The handicaps of of fictional children are not necessarily physical ones. While Charlotte Yonge encourages girls to quell their rising ambitions, she offers encouragement to boys afflicted by a range of weaknesses: they can surmount them, she says, and contribute usefully to the world. This author recalled having "first discovered that [she] could read the letterpress in a great quarto edition of Robinson Crusoe, close to the point where the print shewed him clinging to a rock among the breakers" ("Lifelong Friends," 181). Nothing could have made a more appropriate start for this part of her literary enterprise. In Chantry House, her family of child protagonists are all among the breakers. Clarence is beset by moral frailty, which shows itself in small sins like lying and sneaking, and makes him an obvious target for the bullying at Harrow.

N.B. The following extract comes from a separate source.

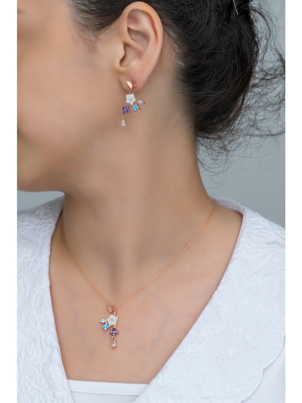 Dieses elegante Schmuckset aus 925 Sterling Silber besteht aus einer filigranen Halskette und passenden Ohrringen. Das Design ist inspiriert von Schmetterlingen, Blüten und Kleeblättern und wird durch funkelnde Zirkonia-Steine in Weiß, Blau und Violett veredelt. Die Roségoldbeschichtung verleiht dem Set einen warmen, modernen Glanz. Dank der feinen Verarbeitung ist es ein stilvolles Accessoire für Alltag und besondere Anlässe. Das Set wird in einer dekorativen Schmuckbox geliefert und eignet sich hervorragend als Geschenk.

Embarked on a career at sea, the youth disgraces himself yet again, succumbing to his old weakness under the pressure of a sudden and fearful naval engagement. But it is never too late to make up lost ground, suggests Yonge: he settles down at last when given the chance of an office job. To drive home her message of hope for poor starters, Yonge contrasts Clarence's eventual success with the moral collapse after Oxford of his far more confident and popular elder brother, Griffith. Meanwhile, the narrator of this family history, the boys' brother Eddy, undergoes painful and unavailing treatments for his many and various physical deformities. Like Mrs Craik's Phineas Fletcher, he manages to survive and even to become what he calls self-deprecatingly a "fairly useful" young man (2: 228). Of course, these three boys are far too obviously the vehicles of Yonge's didacticism: Yonge said herself that "[a] woman cannot do a man truthfully from within" ("Authorship," 192); but her work accurately captures the spirit of the age.

In The Little Lame Prince and Chantry House, both Mulock and Yonge have a message for older readers, too: the rocks to which their boy characters cling are loving adults, in the little prince's case a fairy godmother, in Clarence's case, an elderly governess whose wise teachings at last bear fruit.

Other young heroes' defects may lie not in themselves so much as in some aspect of their upbringing or schooling. Fortunately, Bulwer-Lytton's Mr Caxton notices that his little boy is drooping under his routine of home tuition, and sends the "quiet, sedate, and thoughtful" seven-year-old away to school to recover his spirits (The Caxtons 20). However, school does not always answer either, as Pisistratus Caxtus himself discovers at his second school, Dr Herman's Philhellenic Institute, run on the power of the lash. Boys under more relaxed regimes might still find themselves ill-equipped to tackle their entry into the adult world. When Tom Tulliver leaves Mr Stelling's in The Mill on the Floss, and goes to ask his uncle Deane for a job, the "Latin and rigmarole" which he acquired with such pain are dismissed witheringly: "Why, you know nothing about book-keeping to begin with, and not so much reckoning as a common shopman" (315). Much the same happens when the recently graduated Fred Vincy goes to work for Caleb Garth in Middlemarch: his handwriting proves to be illegible.|

Such handicaps might seem minor, but they hit youths on the brink of their independent lives; here again encouragement, not debilitating sympathy, is the order of the day. With little to support him but "his own brave self-reliance," Tom Tulliver is shown applying himself diligently to "make iverything right again" (309, 454). His efforts are on behalf of his family, not himself, and when they are crowned with success both Maggie and her creator have the utmost respect for him: it is Tom who is the hero of his sister's story. Here Eliot is not so much echoing Smiles, whose Self-Help was published in 1859, the very year she began writing The Mill on the Floss, as following Emerson, whom she had met and whose writings she found deeply inspiring. To Emerson in "Self-Reliance" (1841), the "sturdy lad" has "not one chance, but a hundred chances" (161); regret and self-pity are no part of his book. Again, the message is clear: the past, however trying, must be put behind the youth who has to make his way in the world.